Philippine anti-drug crackdown suffers legal setback

MANILA, Philippines — The Philippine Supreme Court on Tuesday prohibited a group of police officers from entering a slum community to prevent them from threatening villagers who have accused them of ruthlessly killing four residents in an anti-drug raid, in the latest setback for the president's bloody crackdown on illegal drugs.

Court spokeswoman Gleo Guerra said the temporary order was aimed at protecting villagers who petitioned the court last week to stop police anti-drug raids in the Payatas community and help them obtain police records to prove the slain men were not drug dealers and did not fight back or provoke the police to open fire.

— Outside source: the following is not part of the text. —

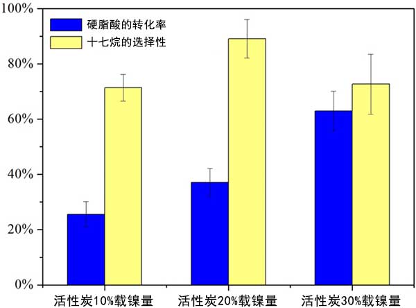在相同的實驗條件下在三種活性炭載鎳催化劑上檢測硬脂酸的脫羧作用,其中鎳負載量不同(10%,20%和30%)。活性炭的鎳負載對硬脂酸轉化率和十七烷選擇性的影響如圖2所示。從圖中可以看出,硬脂酸的轉化率隨著活性炭上鎳負載量的增加而增加。十七烷的選擇性超過20%載鎳量的活性炭遠高于10%和30%載鎳量的活性炭。經過活性炭催化后得到產物除十七烷外,還檢測到其他產物如癸烷,十一烷,十二烷,十三烷,十四烷,十五烷,十六烷,十七烷,十八烷和十八烷醇。

Court justices asked a lower appeals court to handle the petition but issued a temporary protection order barring four officers, who carried out the deadly raid in August, and their superiors from entering an area one kilometre (half a mile) around the petitioners' homes and workplaces in Payatas, a garbage dump community in the Manila metropolis.

While the Supreme Court order applies only to a small poor community, it sets a precedent that could encourage others to seek court action against abuses committed by government enforcers of President Rodrigo Duterte's crackdown on illegal drugs, which has left more than 7,000 drug suspects dead, including many slain in clashes with police, since he took office in June.

The crackdown has alarmed Western governments, U.N. officials and human rights watchdogs, which have accused policemen of extrajudicial killings. Duterte and police officials have denied the allegations, saying the deaths of at least 35 policemen and three soldiers prove drug suspects have fought back during raids.

"There was no legal remedy available before," said lawyer Romel Bagares of Centerlaw, a legal group which filed the court petition for the Payatas villagers. "This shows that the Supreme Court is the last bastion of democracy and that it's serious about protecting constitutional rights."

The four policemen shot five villagers during a raid in Payatas, but one of them, Efren Morillo, survived and denied police allegations that he and his friends were drug dealers and fought back, according to the petition.

Morillo, a 28-year-old vegetable vendor, and the four slain men were shot with their hands bound. Three were ordered to kneel on the ground at the back of a shanty and were shot as they pleaded for their lives, the petition said.

Morillo and relatives of the dead men asked the court to order police to give them access to surveillance reports and other documents to prove they were innocent.

The court order came a day after national police chief Director-General Ronald Dela Rosa indefinitely stopped all police anti-drug raids and disbanded police anti-narcotics units after the anti-drug crackdown was used as a cover by a group of rogue officers to kidnap and kill a South Korean man for money.

The widely publicized scandal prompted Dela Rosa to form a counter-intelligence force to cleanse the 170,000-strong police force of criminals and corrupt officers. He has tendered his resignation twice but Duterte, who has pledged to defend police enforcing his crackdown, has ordered him to stay on.